Abstract

The concept of corporate social responsibility (CSR) has dominated the academic space with a significant number of studies focusing on attempting to establish the relationship between corporate responsibility and firm performance. Minimal empirical attention is, however, accorded to attempting to establish what drives corporate responsibility among firms. This study sought to examine the institutional drivers for CSR practices of firms in Ghana using a mixed-method approach. An interview was conducted with personnel in charge of executing their respective firm’s corporate responsibility initiatives to obtain a firsthand insight into the level of appreciation for CSR among Ghanaian firms as well as to identify the drivers for CSR. The drivers for CSR were classified into internal and external institutional drivers. The study sourced for data for its analysis by administering questionnaires to 100 respondents.
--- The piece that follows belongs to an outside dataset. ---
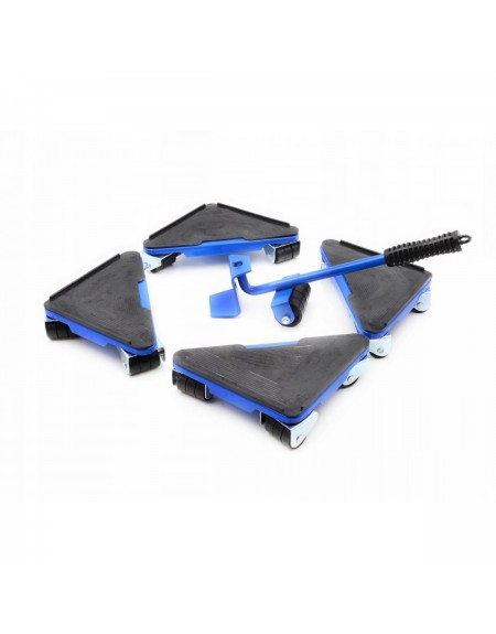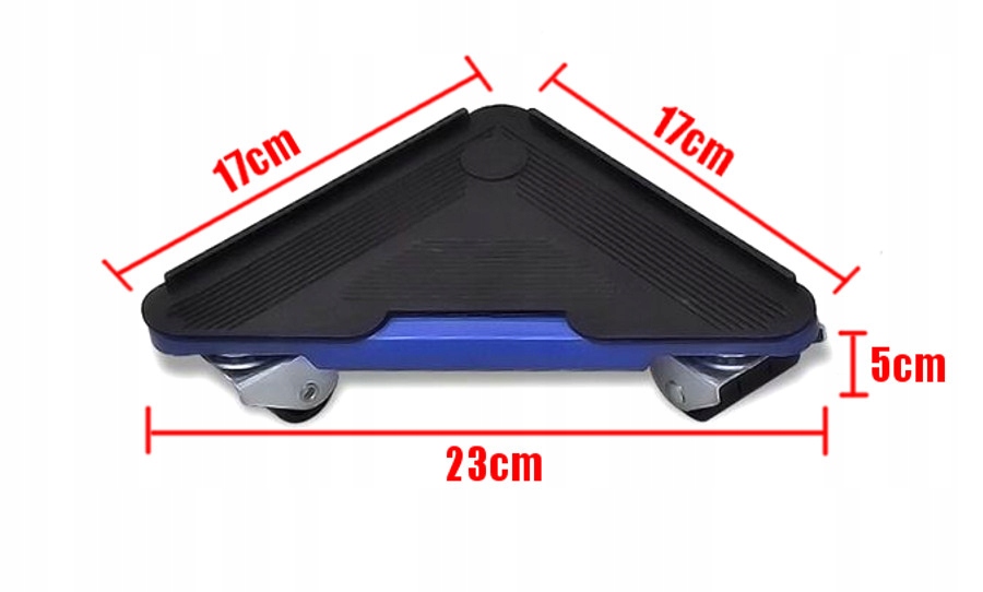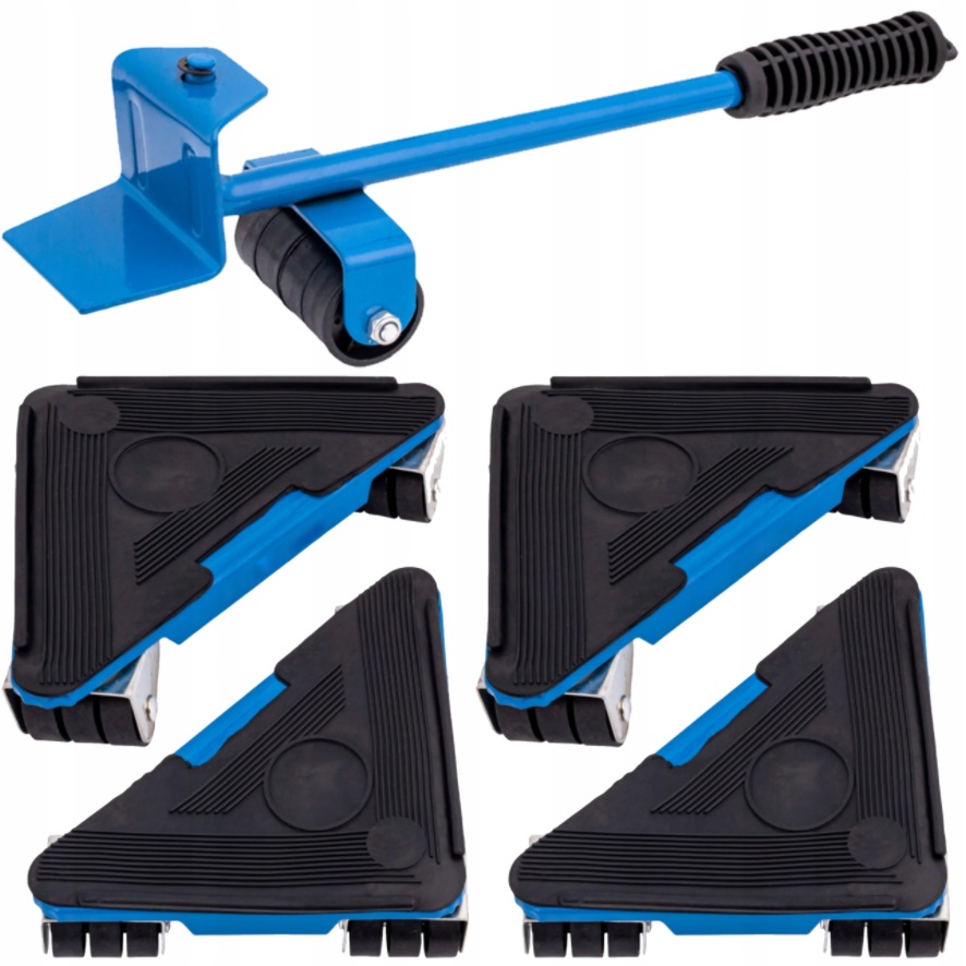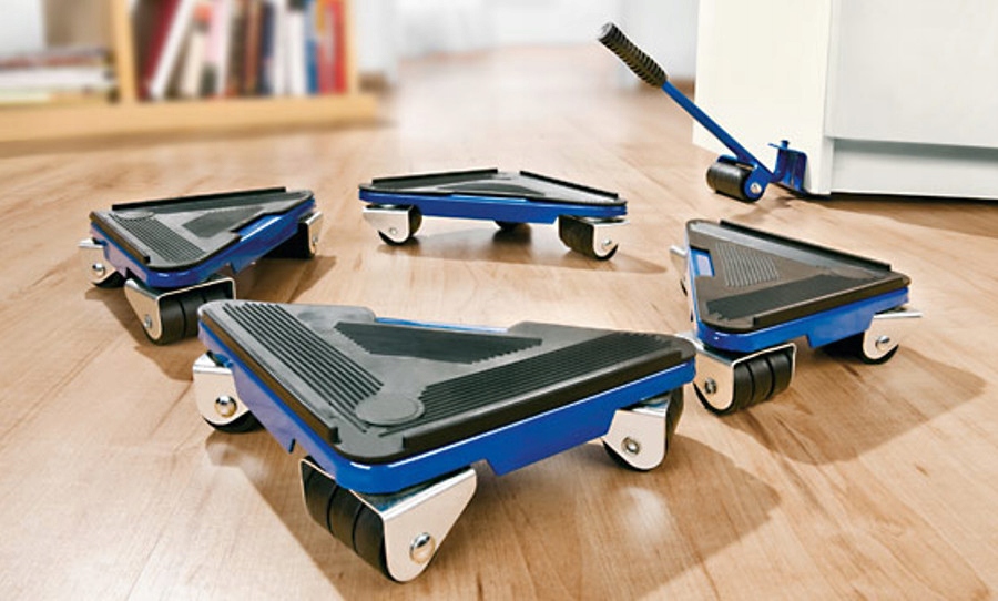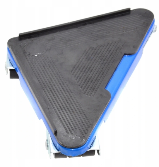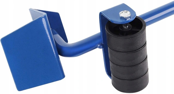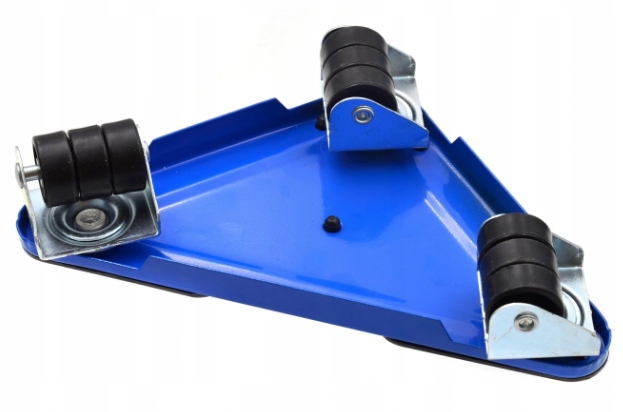 Unieść krawędź, narożnik mebla za pomocą dźwigni , wsunąć płytkę z rolką i opuścić ładunek. Podobnie postąpić z pozostałymi rolkami.

Responses were quantitatively analyzed using a regression technique. Among the internal drivers for CSR, it was found that only board commitment to CSR was a significant and positive driver of corporate responsibility. International trade relations, the media, and the local community were similarly found to be significant and positive drivers of CSR among the external drivers. Regulations was found to be a significant driver for CSR but impacted on corporate responsibility negatively. It is recommended that incentives by the government, award schemes, and enforcement of CSR reporting be implemented to drive a broad adoption of CSR among firms in developing nations.